TendoPay runs in two AWS regions for resilience and regulatory continuity:

RoleRegionCodeUse
PrimarySingaporeap-southeast-1Serves all live customer and merchant traffic. Aurora writer and full application tier live here.
FallbackMumbai, Indiaap-south-1Warm standby. Aurora cross-region read replica, replicated S3 buckets, and a scaled-down application tier ready to take over on failover.
  • The fallback region is a warm standby — application servers run at minimum capacity and scale up under Auto Scaling when traffic is shifted.
  • Aurora cross-region replication keeps the India cluster within seconds of Singapore. On failover, the India read replica is promoted to a writer.
  • S3 Cross-Region Replication (CRR) mirrors all object-storage buckets to India.
  • Redis and Meilisearch are restored from backup in the fallback region rather than running hot — both hold derived state that can be rebuilt.
  • Cloudflare DNS is the cutover mechanism: an automated health check flips DNS to the India load balancer when Singapore is unreachable.

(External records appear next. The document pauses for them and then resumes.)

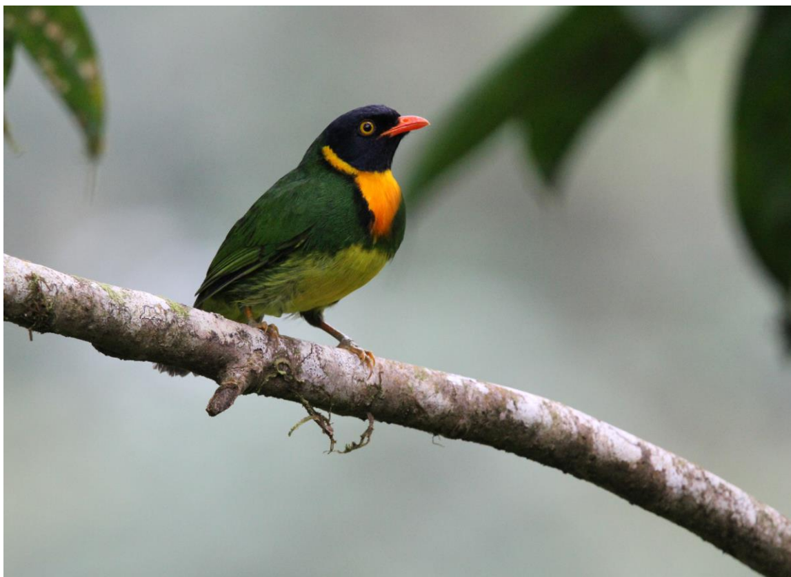
Orange-breasted Fruiteater, Amagusa Reserve

De terugweg rijden we om om niet vast te komen zitten. Twee korte stopjes leveren ons de enige Bat Falcon en White-throated Crake van de trip op.
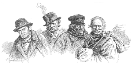
ТИПЫ. Рисунок С. В. Ковалевскаго.
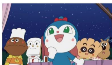
それいけ！アンパンマン コキンちゃんとパン工場
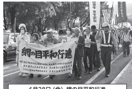
6月28日(金) 網の目平和行進 旧福島生協病院跡地前～広島平和記念公園

8・6平和運動の取り組みの一環として、様々な平和行進が実施されており、当生協も参加しました。どの行進も天気に恵まれ、暑い中での行進は大変でしたが、多くの団体と共に平和と原水爆禁止・核兵器廃絶への願いをアピールできたのではないかと思います。

VPC, EC2, and Elastic Scaling

Each region runs its own Amazon VPC with public and private subnets spread across two Availability Zones:

  • Public subnets host the Application Load Balancer, NAT Gateways, and Bastion hosts for ops access.
  • Private subnets host the EC2 application instances, Horizon workers, the batch server, and the Aurora cluster.
  • Security Groups and NACLs enforce least-privilege traffic flow — only the load balancer can reach the app instances on the application port, only the app instances can reach Aurora, etc.
  • EC2 Auto Scaling Groups size the application tier elastically based on CPU and request-count CloudWatch alarms. Minimum, desired, and maximum capacity are tuned per environment.
  • VPC peering / Transit Gateway connects Singapore and India for replication traffic without traversing the public internet.

Load Balancer & Failover

  • An AWS Application Load Balancer (ALB) sits in front of the EC2 application instances in each region, terminating TLS and distributing traffic across healthy targets in both AZs.
  • The ALB performs HTTP health checks on each instance; unhealthy targets are pulled out of rotation automatically.
  • Auto Scaling replaces failed instances to keep capacity at the desired count.
  • If an entire AZ becomes unhealthy the ALB continues serving from the surviving AZ.
  • If the whole Singapore region is unavailable, Cloudflare DNS failover redirects traffic to the India ALB, which targets the warm-standby application tier and the promoted Aurora cluster.

Batch Server

A dedicated batch server runs alongside the web tier for heavy scheduled and long-running work:

  • Statement generation, payroll runs, partner reconciliation files, large CSV/XLSX exports.
  • Runs the Laravel scheduler and the heavy-batch Horizon worker pool, isolated from web-facing workers so that a long export cannot starve OTP delivery or webhook handling.
  • Provisioned on its own EC2 instance type (memory-optimised) and sized independently of the web tier.
  • Has its own Auto Scaling Group with a maximum of one instance under normal load, but can be replaced by a fresh instance automatically if it becomes unhealthy.
  • Mirrored in the India fallback region in stopped state, ready to be started during a regional failover.

AWS Backup

All stateful resources are protected by AWS Backup with a tiered retention plan:

  • Daily backups retained for 31 days — gives a month of point-in-time options for accidental data loss, app regressions, or partner-data disputes.
  • Weekly backups retained for 52 weeks — gives a full year of weekly snapshots for compliance, audit, and long-range investigation requests.
  • Backup vaults are encrypted with KMS and are subject to vault-lock policies that prevent early deletion.
  • Backups are copied cross-region from Singapore into India so that a Singapore-region outage does not put the backup chain at risk.
  • Restores are exercised on a recurring schedule into an isolated account so that the recovery path is known to work, not assumed.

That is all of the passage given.